VAL BOURNE plots a new landscape and discovers the roots of the scarecrow

There are lots of gardeners who hang up their tools in October and only emerge again in spring. But there are always things that can only be accomplished in winter. It's the ideal time to think about your hard landscape, to lay paths and patios on frost-free days. Or, if you're inept on the do-it-yourself front like me, to get someone in. I've just had some paths laid in my vegetable patch and I'm waiting for some untreated wood so that I (or rather we') can make four raised beds.

My slabs are conservation grade, made from reconstituted materials. After all, in the age of green gardening, it's hard to justify Indian sandstone with its attendant air miles and the damage it does to the landscape. The four paths have given me four raised beds and these are ideal in vegetable gardens. If they are small enough to lean over you don't have to walk on the soil. Continually trampling, to harvest crops or plant, ruins the soil structure and stops things growing. This happens because compacted soil holds lots of water which can't drain away. Therefore the soil can't warm up and roots can't penetrate either.

Raised beds aren't new. Susan Campbell, writing in her fascinating book The History of Kitchen Gardening (published by Frances Lincoln), tells us that Tudor gardeners relied entirely on the raised bed system. She also mentions that the Romans used them too, having adopted the system from older civilisations.

The great market gardeners who supplied London in the late 18th century often worked on raised beds, although it depended on the crop. The paths were just wide enough to allow a man to kneel down and the beds never more than double the length of a man's arm. My beds are larger and I will have to use a plank or two, but the no-tread idea is the same.
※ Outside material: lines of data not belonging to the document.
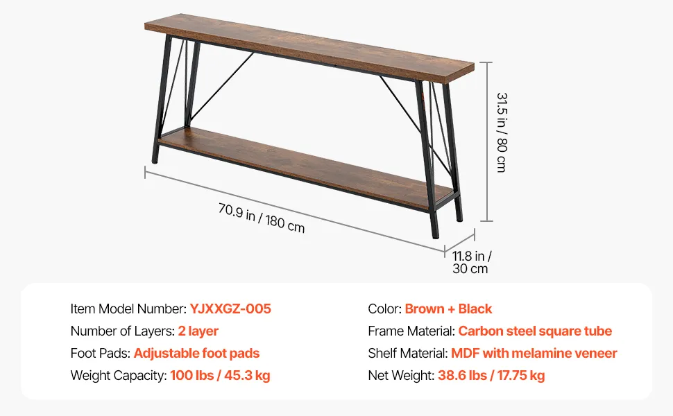 VEVOR Tavolo Stretto Dietro Divano, Tavolino da Ingresso Lungo a 2 Livelli e Tavolo da Corridoio Sottile, con Struttura in Metallo, per Ingresso, Corridoio, Soggiorno, 180 x 30 x 80 cm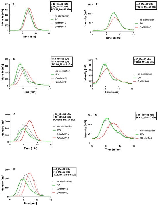 Graphs for the comparison of the GPC chromatograms of the electrospun materials and granulates from the biodegradable polyesters without sterilization and following ethylene oxide sterilization and gamma irradiation sterilization at two different doses (15 and 40 kGy): PCL45 nanofibers (A); PCL80 nanofibers (B); PLCL82 nanofibers (C); and PLCL111 nanofibers (D); PCL45 granulate (E); PCL80 granulate (F); and PLCL granulate (G). The data in the boxes indicate the molecular weight values calculated according to the respective standards (PS) (note: the manufacturer states Mn 45,000 for PCL45; however, the GPC method applied measured 25 kDa).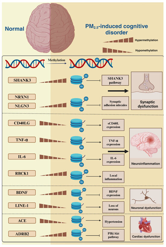 - Li, Z.; Liang, D.; Ebelt, S.; Gearing, M.; Kobor, M.S.; Konwar, C.; Maclsaac, J.L.; Dever, K.; Wingo, A.; Levey, A.; et al. Differential DNA Methylation in the Brain as Potential Mediator of the Association between Traffic-related PM2.5 and Neuropathology Markers of Alzheimer’s Disease. Alzheimer’s Dement. 2024, 20, 2538–2551. [Google Scholar] [CrossRef] [PubMed]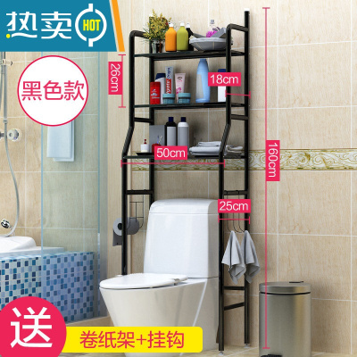 敬平卫生间浴室置物架落地马桶架厕所洗手间免打孔洗衣机上方收纳架子 三层典雅黑-马桶架❤ 160*50*26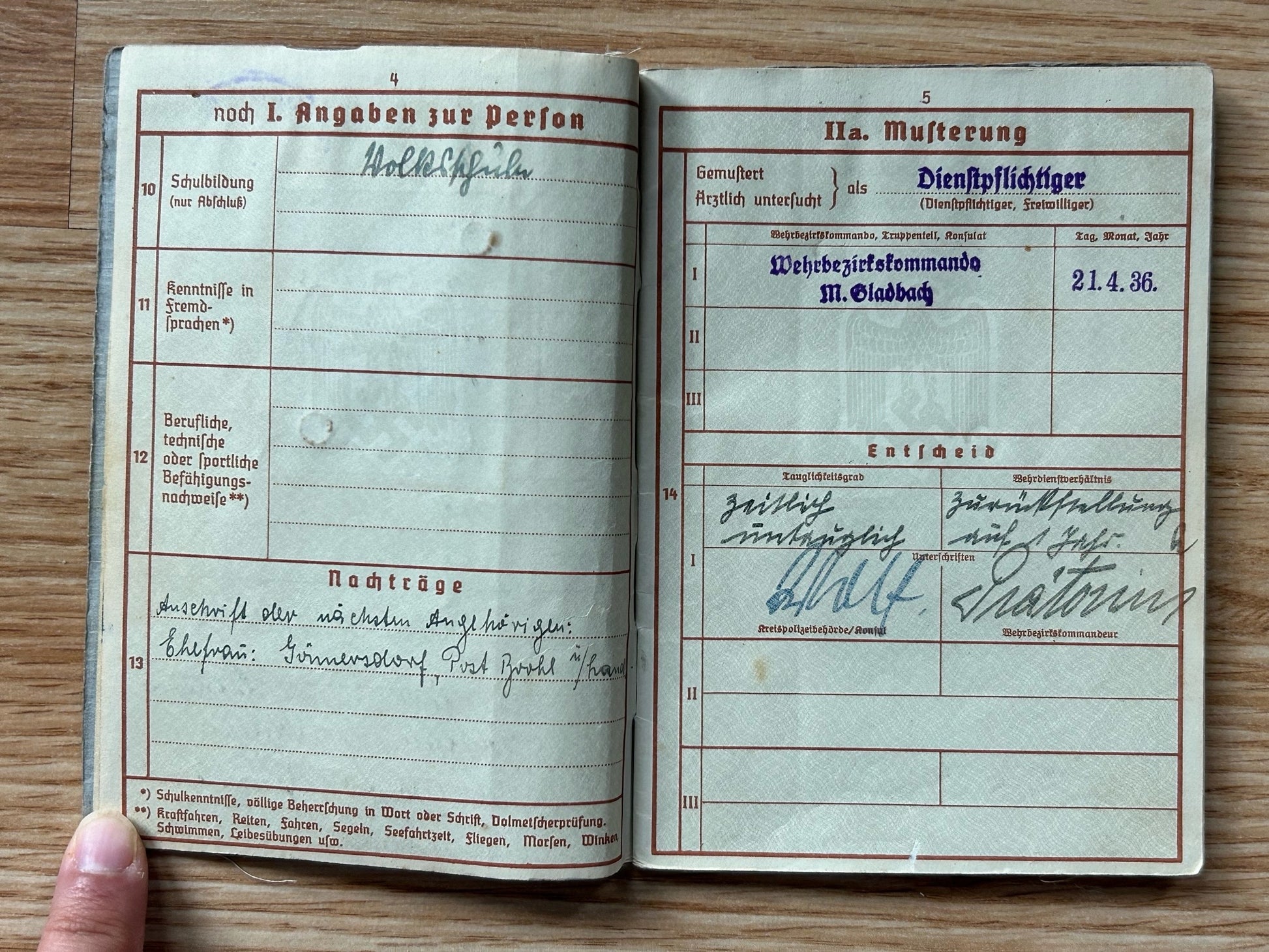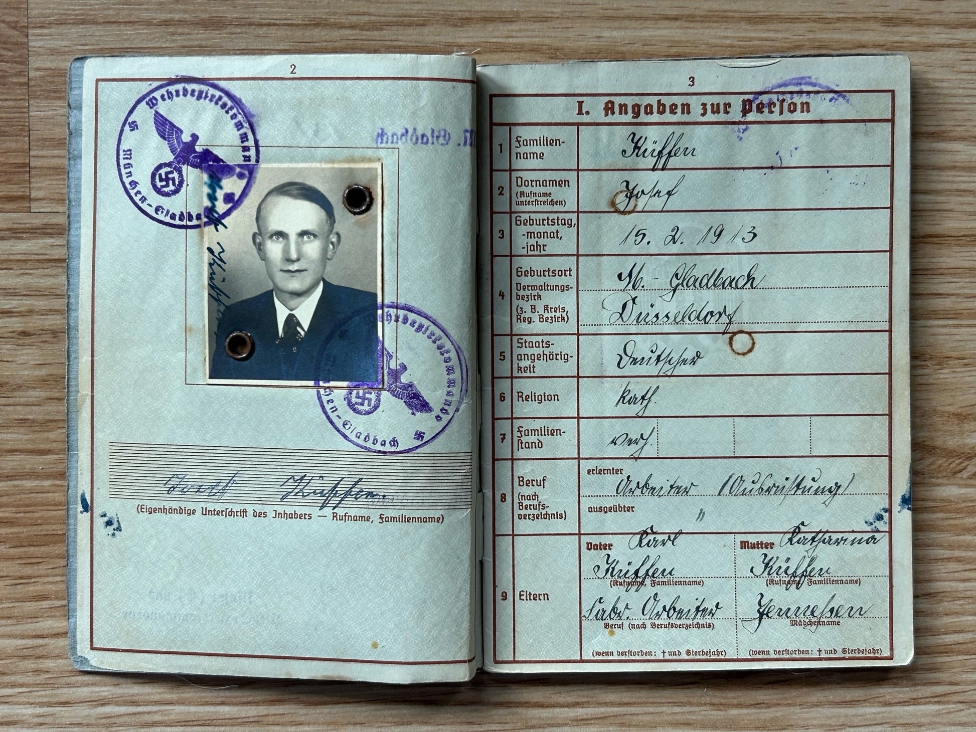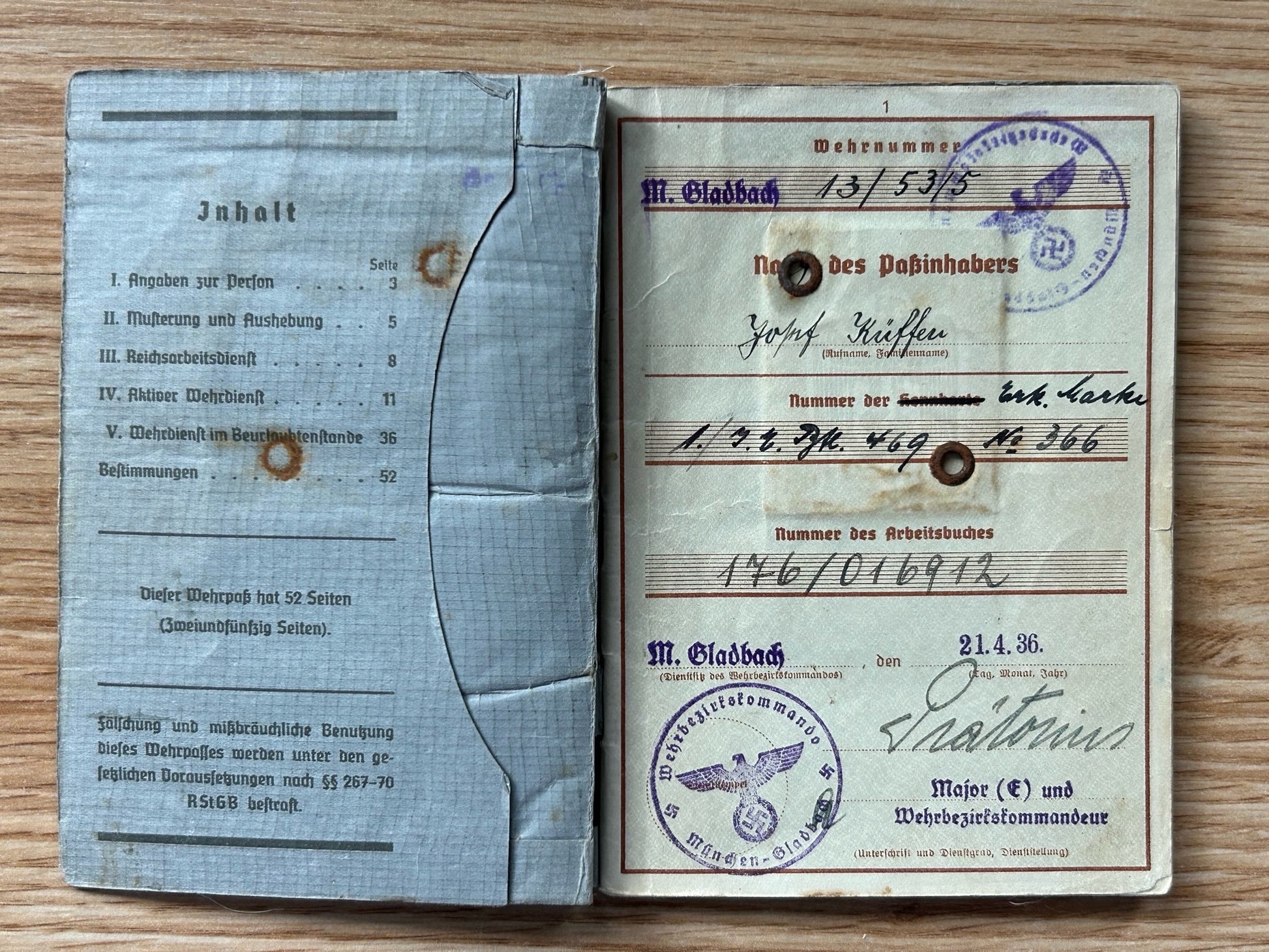 1st edition Wehrpass for Josef Küffen, born in 1913 in Mönchengladbach. The Wehrpass was issued in April 1936. He was inducted into the Wehrmacht in late February 1940, first serving with 1. Schtz. Ers.-Kp. Ersatz Battalion 469, from Feb to March 1940. He served with various infantry units, including Infanterie Regiment 209 from May 41 to August 42. He trained at Panzertruppenschule Wünsdorf in August 1942, transfering afterwards to several panzer grenadier battalions ( Panzer Grenadier Ersatz Battalion 9 and 2. / Pz. Gren. Ausb. Btl. 50). He later served with Gebrigsjäger Regiment 144 in February 1943. He was killed a few days later, on Feb 19th 1943.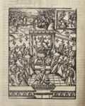 Cette magnifique édition gothique des Chroniques de Hainaut publiée par François Regnault et Galliot du Pré est imprimée sur deux colonnes, avec de nombreuses lettrines à fond criblé. Un très bel encadrement à portique orne chacun des trois titres ; il est tiré en rouge et noir au premier et au deuxième tome. La marque typographique de François Regnault orne le dernier feuillet du premier tome et celle de Galliot du Pré, le dernier feuillet du troisième tome.

Records show that cabbages were grown all over Battersea, onions at Deptford, peas in Kent, turnips in Norfolk and the banks of The Thames grew a whole range of plants on 10,000 acres. This turned over an annual income of £645,000 from vegetables and £400,000 from fruit - and this was in 1798. Fruit nurseries covered Hammersmith, Bethnal Green, Hackney, Hoxton and Whitechapel. Mortlake was famous for its asparagus and, as the city expanded, the market gardening area moved outwards. I can clearly remember the market gardens that used to exist close to Heathrow when I was a child.

I also intend to make a scarecrow for next spring. The Worzel Gummidges of horticulture also have an ancient past. Classical gardeners kept effigies of the god Priapus, symbolised by his maleness', to ensure fertility. Often these effigies were fashioned from fig trees and they were always given an apron to hide their "rampant, private parts", Susan Campbell tells us. The effigy was placed in the middle of the garden and rocket was grown close to the effigy and fed to sluggish husbands'.

It's a strange comfort to know that women had the same crosses to bear thousands of years ago and I shall be ordering several packets and guess where I'll be planting them!